The impact of Champa rice
Many indica rice accessions were introduced to the Yangtze River region in China about 1000 years ago according to the History of Song Dynasty. Some points can be summarized: 1) Champa rice was already present in Southern China before the early Sung Dynasty, 2) many of the Champa rice accessions were resistant to biotic and abiotic stresses, and 3) perhaps there was no photoperiod-insensitive accession in Central China before Champa rice was introduced. Champa rice was cultivated in the Yangtze River area and southern China since then.

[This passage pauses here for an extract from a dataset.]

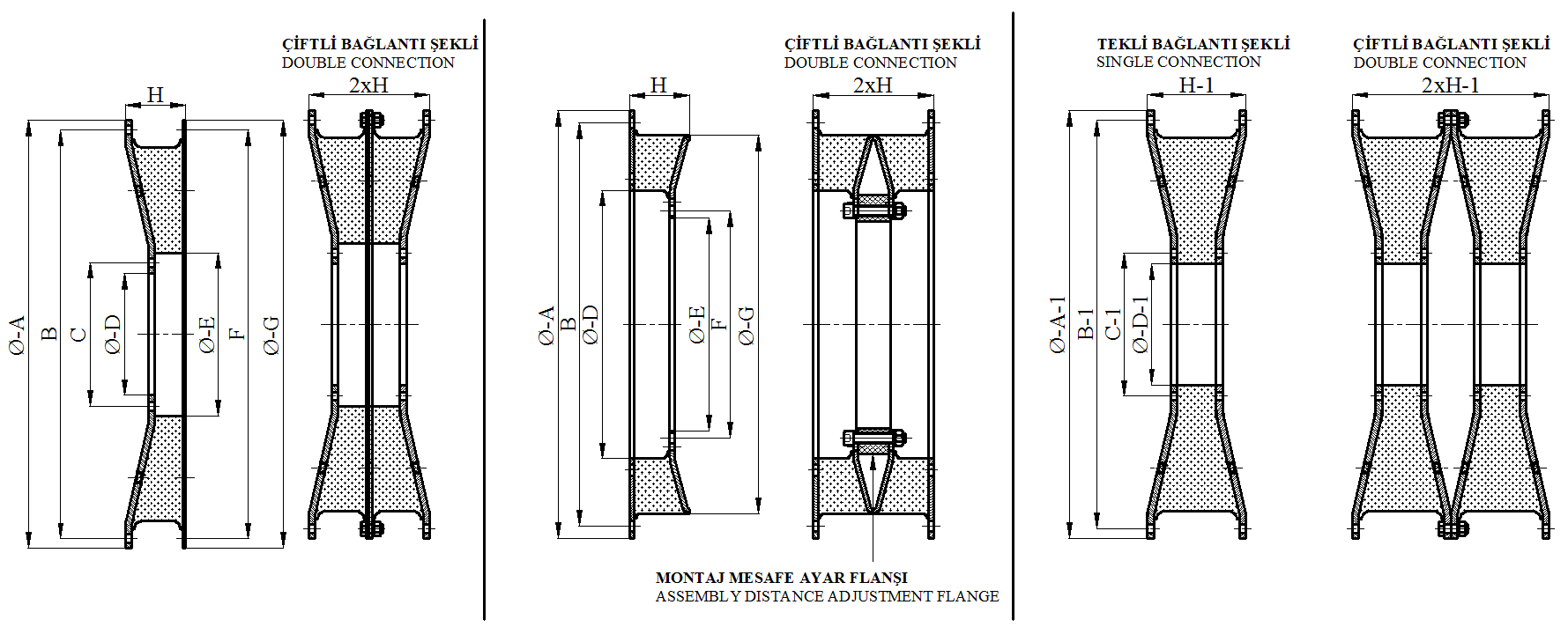 | Ø-A | B | C | Ø-D | Ø-E | F | Ø-G | H (mm) | 2xH | Ø-A-1 | B-1 | C-1 | Ø-D-1 | H-1 (mm) | 2xH-1 |
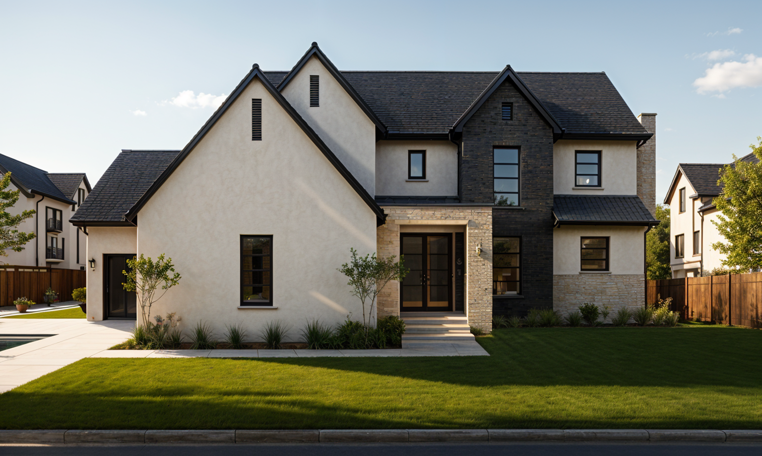 robert a m stern exterior shot a modern five story building with a dynamic wave like facade the structure uses a combination of clear glass and sleek metal panels each floor featuring alternating horizontal and vertical patterns render the building with reflective blue tinted glass windows and light grey aluminum panels the roofline and exterior beams should be a contrasting white set in a vibrant urban setting with a clear blue sky during the golden hour casting warm sunlight and soft shadows add greenery around the base with small trees and shrubs for a lively atmosphere architecture

The sequence analysis and phenotype screening confirmed again that Champa rice accessions had several good agronomic traits: they were early ripening and thus could grow at least twice a year in subtropical and tropical regions and were resistant to biotic and abiotic stresses such as blast, drought and salt. Before the semi-dwarf varieties were available, the Champa rice accessions were very popular for rice production in Taiwan. In the early 20th century, many Champa rice landraces were subjected to pure line selection in Taiwan. Examples are Kaoshiung Ching Kuo Chan No. 1 and Kaoshiung Pai Ko Pu Chan [10]. After WWII, cross breeding was also used in the breeding program. The most famous variety was Taichung Native No. 1 (TN1), with the parental lines DGWG and Tsai Yuan Chon. This is the first semi-dwarf modern variety in the world and is lodging-resistant. TN1 was released at 1957 and very quickly became the leading variety in Taiwan. When the International Rice Research Institute (IRRI) was established at 1960, rice breeders brought DGWG to the IRRI and it was subjected to a breeding program. The famous miracle rice IR8 (DGWG x Pita) was released at 1966 and quickly became the hallmark rice variety for the “green revolution”. DGWG has been in the pedigree of at least 80% of the world’s modern indica rice varieties. Thus, Champa rice has played important roles in ancient and modern rice production.